Specializes in Critical Care, Pediatrics, Geriatrics.
Really? I went a confrence recently and the common opion seemed to be that a C/S did'nt decrease the incedence of transmition. Do you have info, indicating otherwise? If you do can you post some links? That confrence has really influanced the way we care for our HIV positive patients. If their is newer or differnt reaserch I'd love to see it.

The risk for transmission greatly depends on the mothers viral load. Here is a sample followed by a link to the entire document:

If your viral load is less than 1,000 copies/ml, there is currently no evidence showing that elective cesarean section will reduce the risk of perinatal HIV transmission. C-section is major abdominal surgery -- you want to avoid it unless it's considered beneficial to you or your baby, because of the increased risk of post-operative complications in mothers who give birth by C-section. Women with viral loads under 1,000 can consider a normal lady partsl birth to be the safest option for both them and their baby, unless there are other factors (baby in difficult position for birth, obstetric emergency, etc.) that necessitate C-section.

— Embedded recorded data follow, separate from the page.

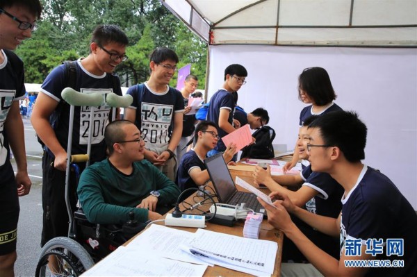 8月23日,社會廣泛關(guān)注的“想帶媽媽上清華”的甘肅省定西市學(xué)生魏祥(坐輪椅者),在清華大學(xué)辦理新生注冊。
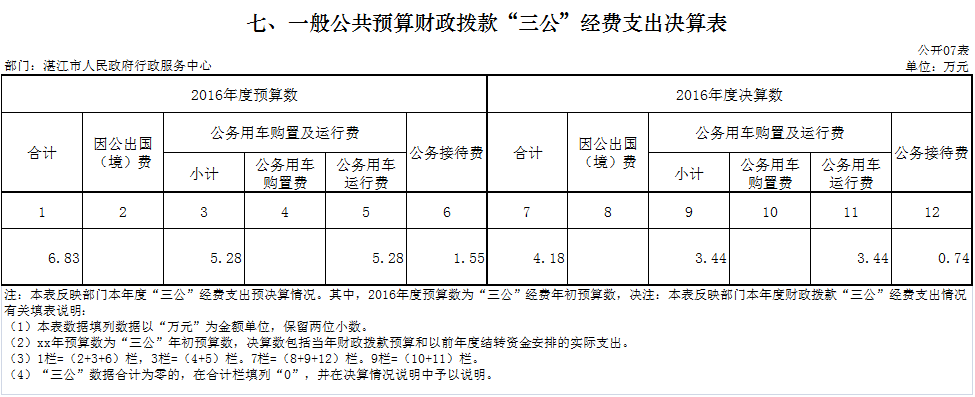 91吃瓜 行政服务中心2016年度“三公”经费财政拨款支出决算为4.18万元,完成预算6.83万元的61%。其中:公务用车购置及运行维护费支出决算为3.44万元,完成预算5.28万元的65%;公务接待费支出决算为0.74万元,完成预算1.55万元的47%。2016年度“三公”经费支出决算小于预算数的主要原因是认真贯彻落实中央八项规定精神和厉行节约的要求,从严控制“三公”经费开支,全年实际支出比预算有所节约。本部门没有因公出国(境)费支出。
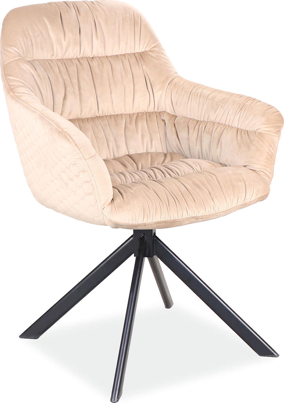 Spisestol laget av metall. Trukket med polyesterstoff.
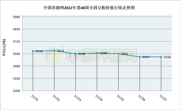 猪价系统数据监测,2022年第48周(2022年11月21日至2022年11月27日)本周豆粕价格除周内较为平稳,周初小幅上涨,周中高位震荡,周末小幅走跌。全周豆粕价格区间在5556-5623元/吨之间,周初豆粕价格为5618元/吨,周末价格为5556元/吨,全周豆粕价格累计下跌了62元/吨。
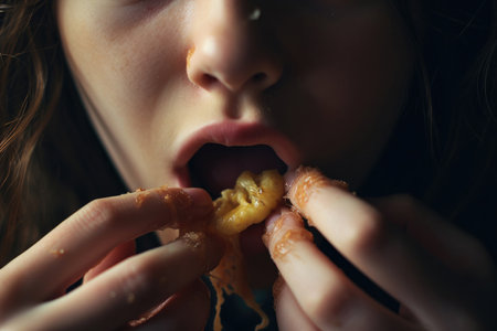 Close-up pictures of an Asian woman enjoying her eating.Focus on mouth
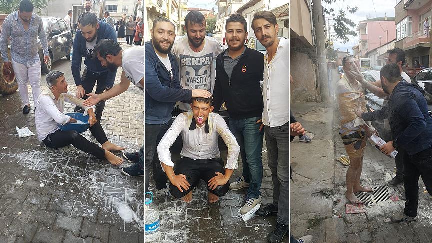 Arkadaşlarının damada yaptıkları şakalarla renkli görüntüler ortaya çıktı. Gelin alma sırasında 25 yaşındaki damat Mustafa Ünal'ın kafasında yumurtalar kırıldı, başından aşağıya un döküldü.
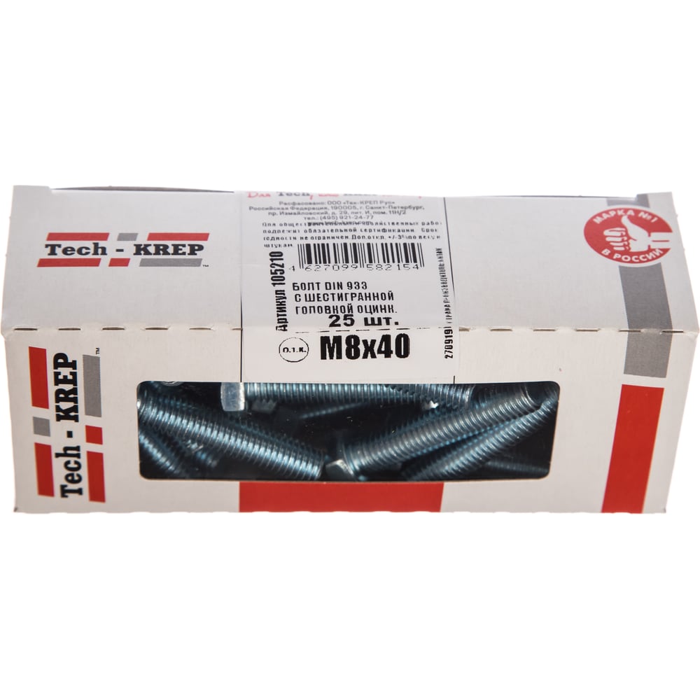 Болт DIN 933 с шестигранной головкой, оцинкованный М8х40, 25шт - коробка Tech-Krep 105210
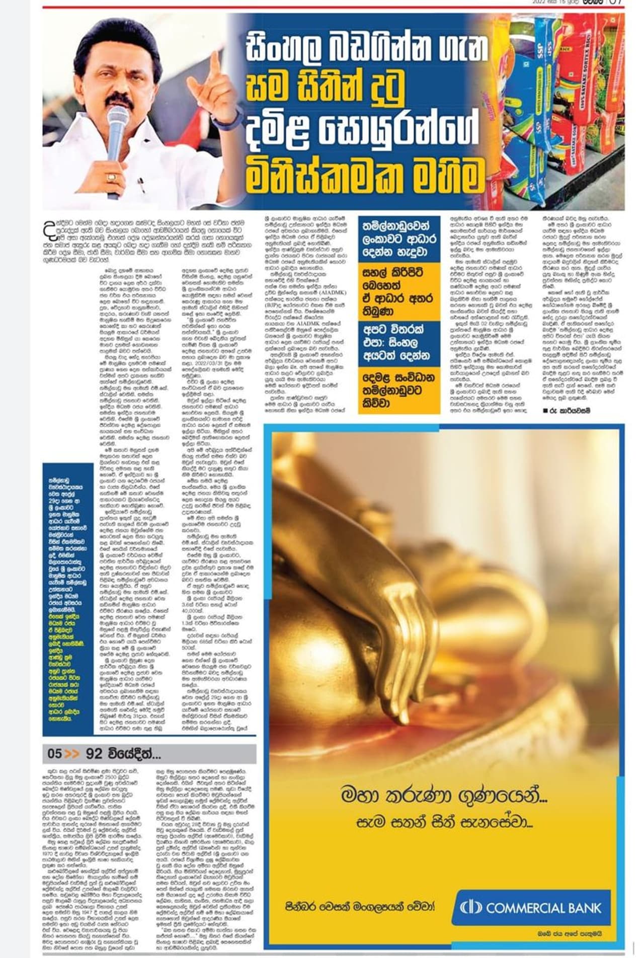 சிங்களர் பசி கண்டு மனிதநேயத்துடன் உதவும் தமிழகமே.. முதல்வர் ஸ்டாலின் அவர்களே உங்களுக்கு நன்றி என சிங்கள நாளேடு மௌபிம நெகிழ்ந்து பாராட்டிப் புகழாரம் சூட்டியுள்ளது.
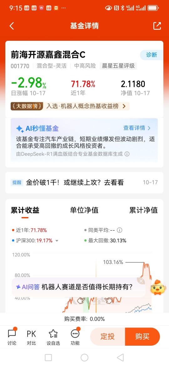 记得是今年夏天,$前海开源嘉鑫混合C$ 这个基金,想把它择机买到我的组合里面。
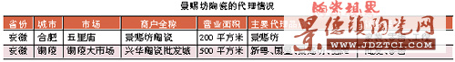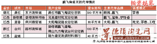 鵬飛建陶生產(chǎn)的主要產(chǎn)品有“鵬飛”牌、“卡迪克”牌雙拱連鎖陶瓷瓦和“景賜坊”牌地面磚!熬百n坊”牌地面磚雖然現(xiàn)在已有6個(gè)規(guī)格300多種花面,但是渠道建設(shè)還有很大的提升空間。根據(jù)本報(bào)的調(diào)查,只有安徽的合肥以及銅陵兩地有經(jīng)銷(xiāo)商代理其產(chǎn)品。鵬飛牌的經(jīng)銷(xiāo)網(wǎng)點(diǎn)稍微多一點(diǎn),在湖北黃石、江西宜春、浙江臺(tái)州、江蘇鹽城以及景德鎮(zhèn)本地都有代理點(diǎn)。
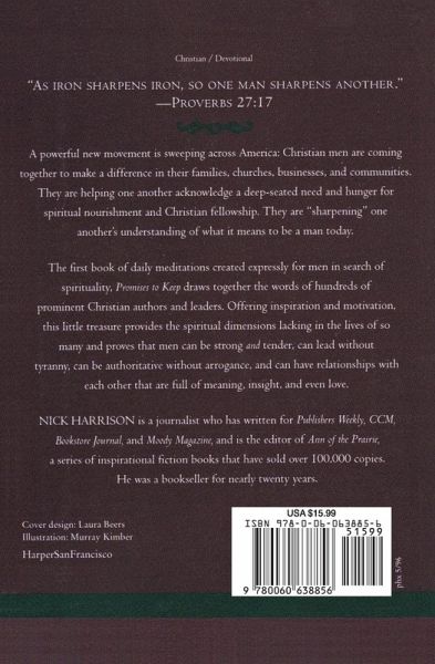 A powerful new movement is sweeping across America: Christian men are coming together to make a difference in their families, churches, businesses, and communities.They are helping one another acknowledge a deep-seated need and hunger for spiritual nourishment and Christian fellowship. They are "sharpening" one another's understanding of what it means to be a man today. The first book of daily meditations created expressly for men in search of spirituality, Promises to Keep draws together the words of hundreds of prominent Christian authors and leaders. Offering inspiration and motivation, this little treasure provides the spiritual dimensions lacking in the lives of so many and proves that men can be strong and tender, can lead without tyranny, can be authoritative without arrogance, and can have relationships with each other that are full of meaning, insight, and even love.
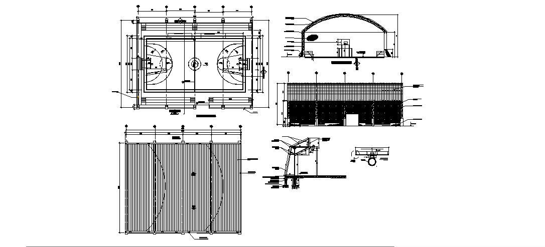 Sports court section, cover plan and sports ground details dwg file
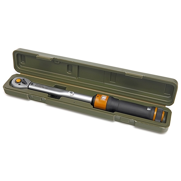 El mango ergonómico permite fijar la llave dinamométrica en la posición central.
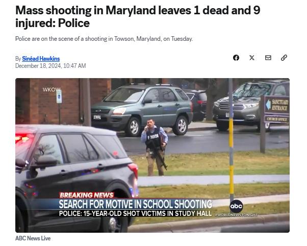 突發(fā)!美國馬里蘭州發(fā)生大規(guī)模槍擊案 致1死9傷
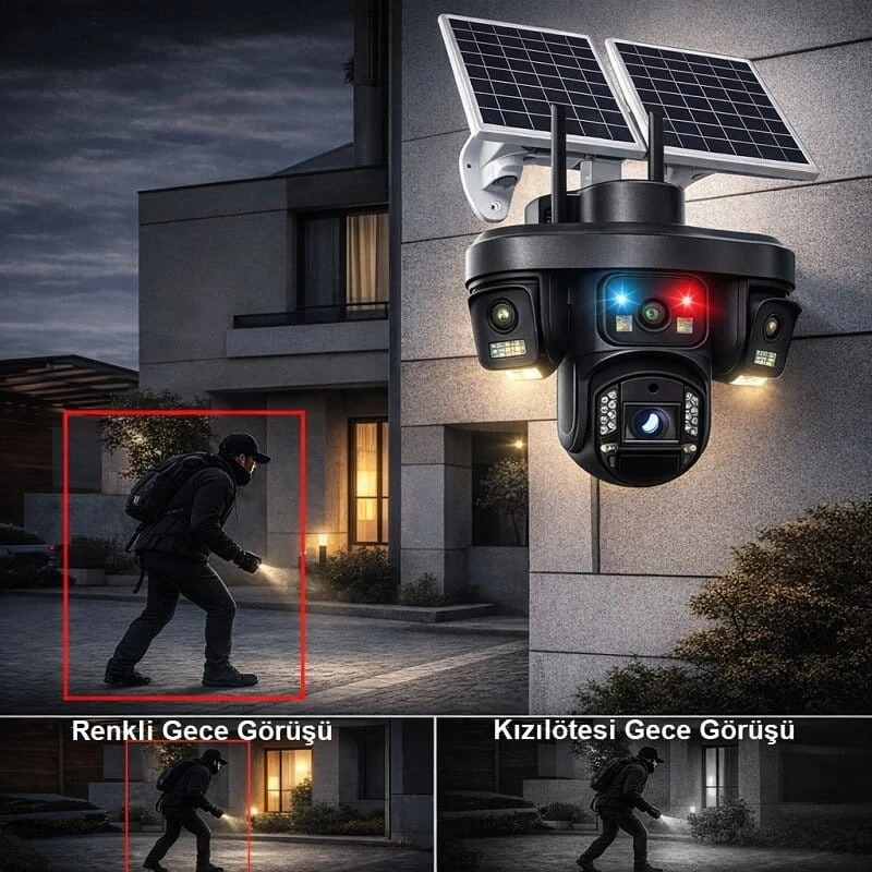 O-Kam Premium 4G 12MP SIM Kartlı 4 Kameralı 4 Görüntülü Çift Solar Panelli Renkli Ledli Gece Görüşlü Güvenlik Kamerası
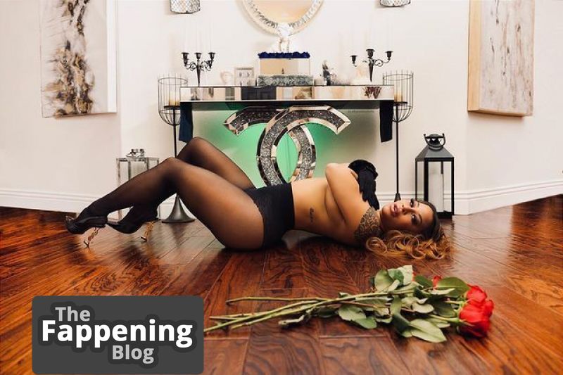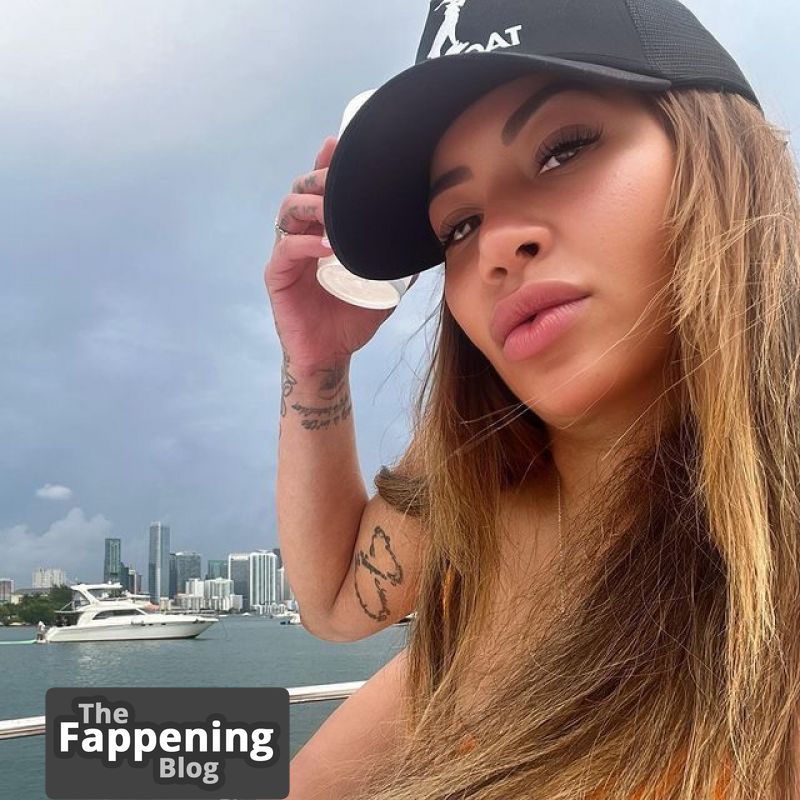 Hazel-E tiene una colección de fotos explícitas que muestra sus pechos desnudos, un escote amplio sin sostén, glúteos expuestos y una figura ardiente de modelo.
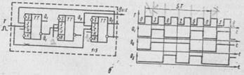 На рис. 6.35. показан общий принцип построения счетчиков с нечетным М. Данная схема была предварительно получена стандартными методами синтеза автоматов.
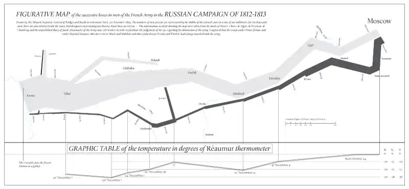 Minard is best known for his cartographic depiction of numerical data on a map of Napoleon's disastrous losses suffered during the Russian campaign of 1812 (in French, Carte figurative des pertes successives en hommes de l'Armée Française dans la campagne de Russie 1812–1813). The illustration depicts Napoleon's army departing the Polish-Russian border. A thick band illustrates the size of his army at specific geographic points during their advance and retreat. It displays six types of data in two dimensions: the number of Napoleon's troops; the distance traveled; temperature; latitude and longitude; direction of travel; and location relative to specific dates without making mention of Napoleon; Minard's interest lay with the travails and sacrifices of the soldiers.[4] This type of band graph for illustration of flows was later called a Sankey diagram, although Matthew Henry Phineas Riall Sankey used this visualisation 30 years later and only for thematic energy flow.
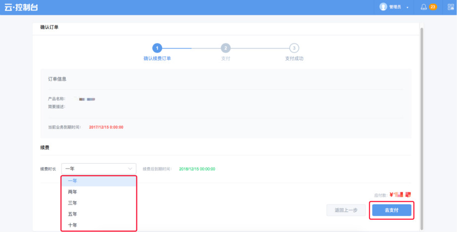 2.先根据需要选择“续费时长”,再点击“去支付”
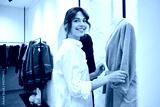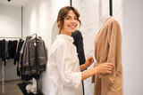 Young pretty smiling woman working in workshop happily looking in camera while making fitting of new collection on mannequin
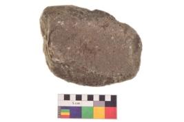 | Description / विवरण | Specimen of an uneven shaped grinding stone. It is brownish in colour and smooth in texture. It has flat base. |
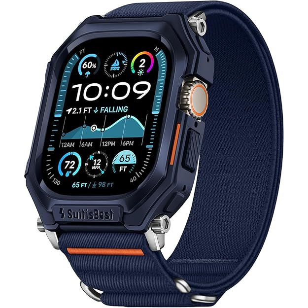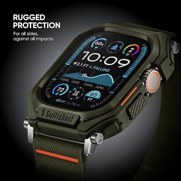 Suitisbest Apple Watch spor kayışı ve kılıfı, Apple Watch Ultra, Ultra 2, Series 9 8 7 6 5 4 for iWatch 49mm 45mm 44mm için tasarlanmıştır. Ayarlanabilir boyutu 6,5”-8,5” (165mm-215mm) bileğe uyar.
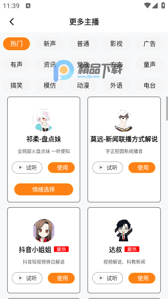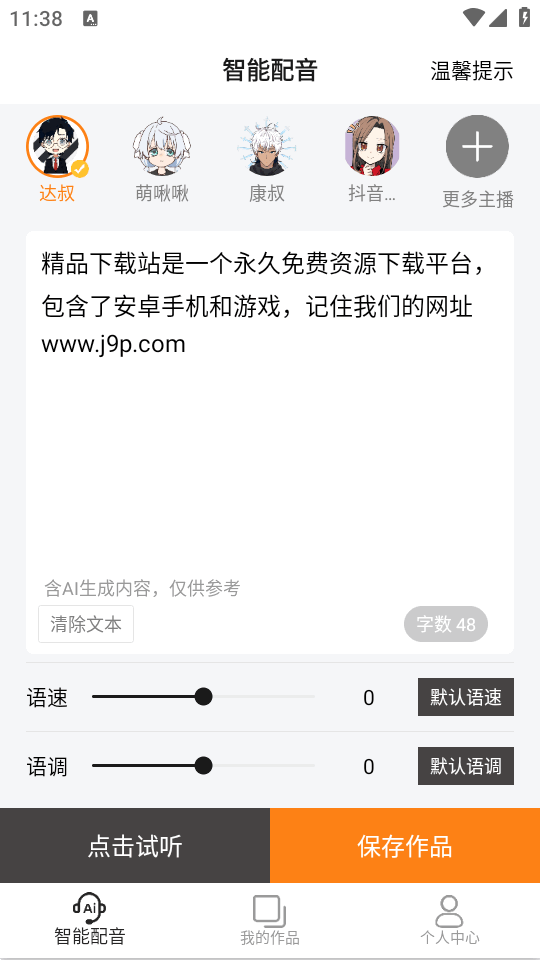 拥有超多主播的一款ai配音软件,南瓜配音app使用非常简单,界面清爽干净,可以快速生成合成配音的效果,软件没有广告,很清爽干净的体验,可以随意输入文本快速合成配音效果,需要会员才可以导出音频,如果只是听一听不导出还是不错。
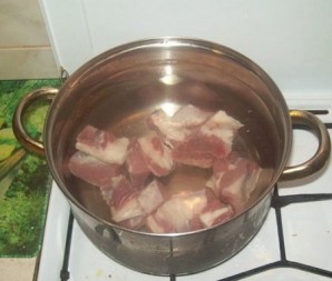 Для приготовления лучше взять грудинку, бульон будет наваристее. Нарезаем мясо на куски, промываем и выкладываем в кастрюлю. Заливаем водой и ставим вариться.
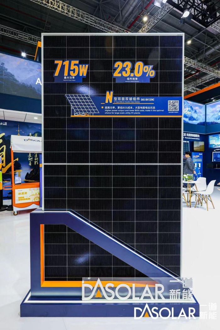 为了满足大型地面电站对高功率700W+组件的需求,一道新能开发推出了210*210 N型组件,该款产品采用了一道新能自主研发的TOPCon 4.0 Plus电池技术,搭配210*210的大硅片设计,组件功率高达715W,以客户价值为中心,在确保高效发电的基础上,可以有效降低大型地面电站的BOS成本,实现更低的LCOE度电成本。
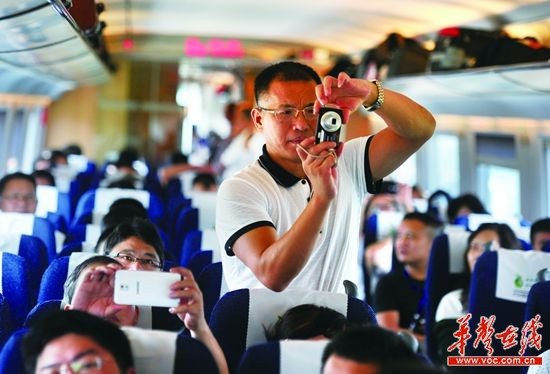 9月16日,旅客纷纷用相机和手机记录下高铁的速度显示。 当天,沪昆高铁长沙至南昌段开通运营。 记者 郭立亮 摄
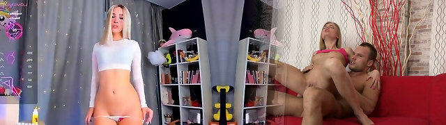 The blond daughter doesn' t wear pajamas or panties to let her stepdad secretly pound her at night
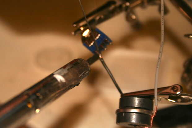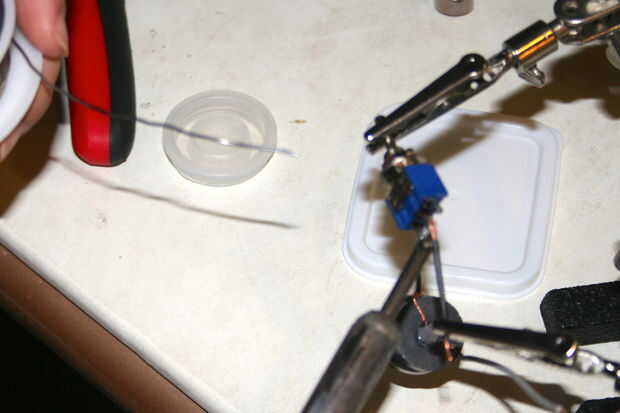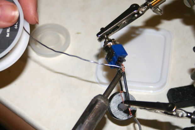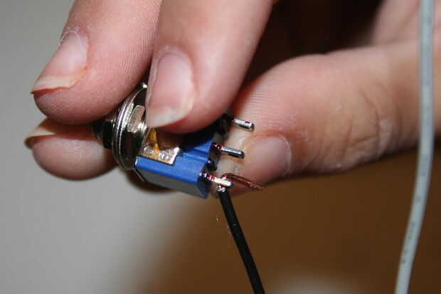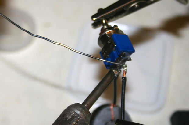 Tomar el alambre extra negativo (el cable negro) y conecta a la pata del centro del interruptor. Soldadura en.
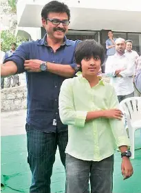 Venkatesh S Son To Play Cameo In Gopala Gopala India Forums - While everybody was posing for camera, arjun in jest imitated his dad venkatesh by folding the shirt's hands.

If your viral load is over 1,000 copies/ml, research shows that elective cesarean section done prior to rupture of membranes can reduce the risk of HIV transmission by preventing contact between the fetus and the blood and cervical secretions that are present during the birth process ("elective" means you choose to do it, rather than have it done for emergency reasons). C-section after the membranes have been ruptured for at least four hours has not shown to be statistically helpful in reducing HIV transmission, so elective C-sections done to reduce HIV transmission are usually performed at 38 weeks gestation (well before most women's water breaks on its own). Because of the increased risk of post-operative infections in women who give birth by C-section, your care provider may give you antibiotics to take after the surgery.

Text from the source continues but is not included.